IntelliJ IDEA 2020.1 EAP is open - nskvortsov
https://blog.jetbrains.com/idea/2020/01/intellij-idea-2020-1-eap/
======
_virtu
No matter how hard I try, I can't get away from JetBrains. I've been
grandfathered into their original pricing for the toolbox, so that makes it
even harder. I have a plugin I've written for VS Code that was part experiment
to see if I would have good uptake into the editor and part as a way for me to
learn how to contribute to the plugin ecosystem. VS Code just isn't fast
enough on medium to large projects. And it's never felt as much of an ide in
comparison to JetBrains tooling.

I love the JetBrains toolbox. Webstorm is wonderful for all things frontend
and I've heavily used Intellij for Elixir development. The level of polish for
this tooling is ridiculous and I would recommend anyone who hasn't given their
work a shot to go out and try one of their editors for your language of
choice.

Things I can't live without in the JetBrains ecosystem

\- VCS integration

    
    
      - Hands down the best integration in comparison to GitLens or any other plugins I've used for VCS in other editors and it's built right in.
    

\- Local history

    
    
      - This has saved my ass a few times over.

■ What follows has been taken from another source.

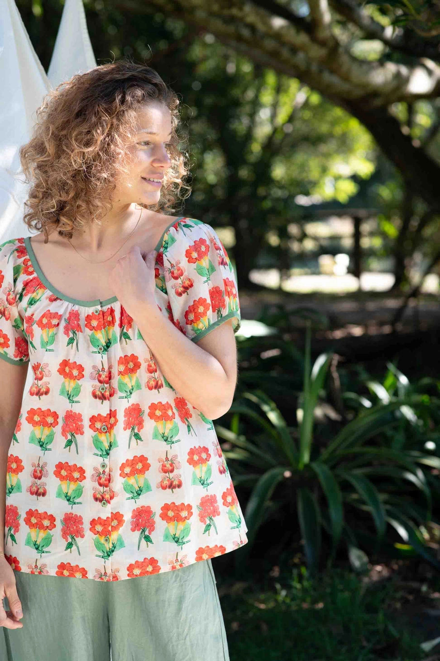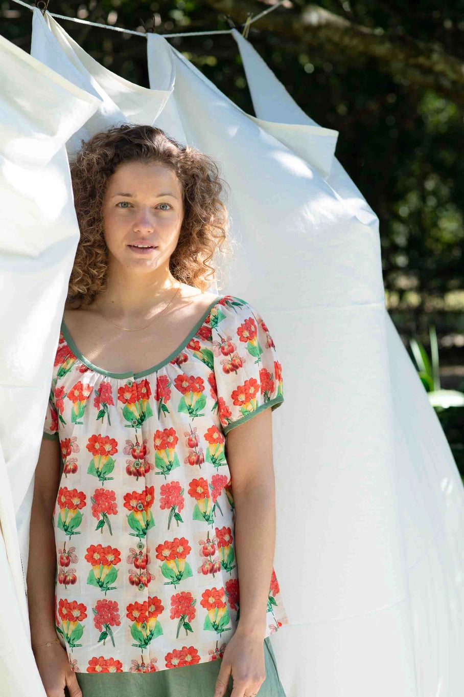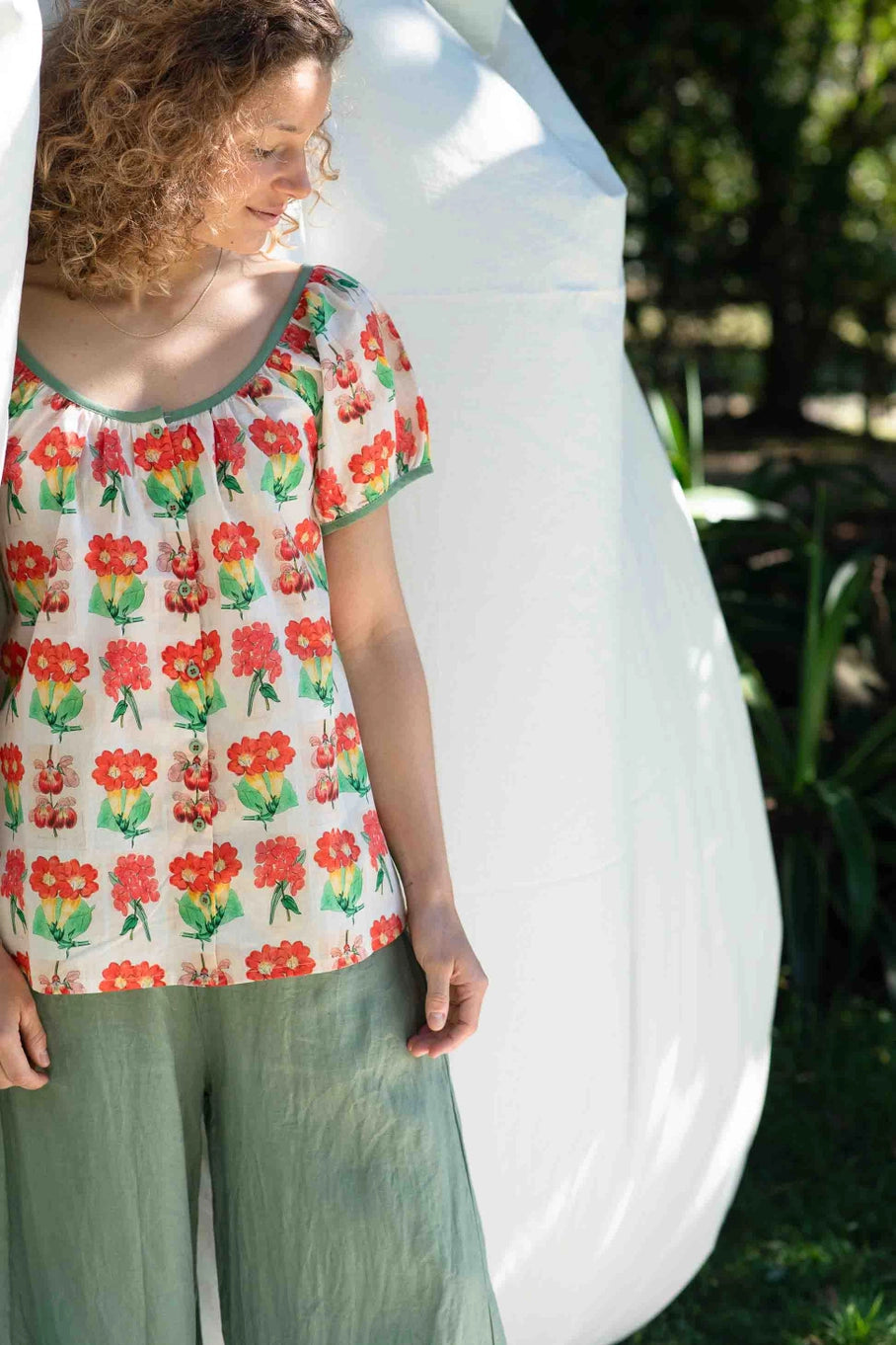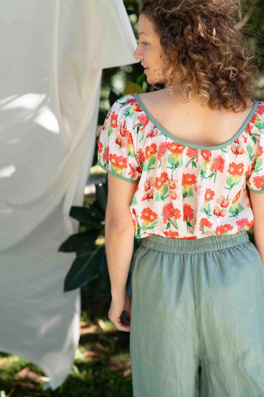 Helene wears size small and is worn with Ollie linen pant in Mineral Green.

It's amazing how far you can go back. And yes I know what version control is.
    

\- Refactoring

    
    
      - It's just worlds better in comparison to what VS Code/Atom/Sublime/Eclipse/NVIM offer.
    

\- Language support

    
    
      - The number of well written plugins out there makes the VS Code ecosystem pale in comparison.
    

\- IdeaVim

Things I wish were a bit easier in the JetBrains ecosystem

\- Sharing configs

    
    
      - I love VS Code's philosophy of making all configs accessible/shareable as json.
    

Nice job to the JetBrains team. Seriously, you've made a fanatic out of me.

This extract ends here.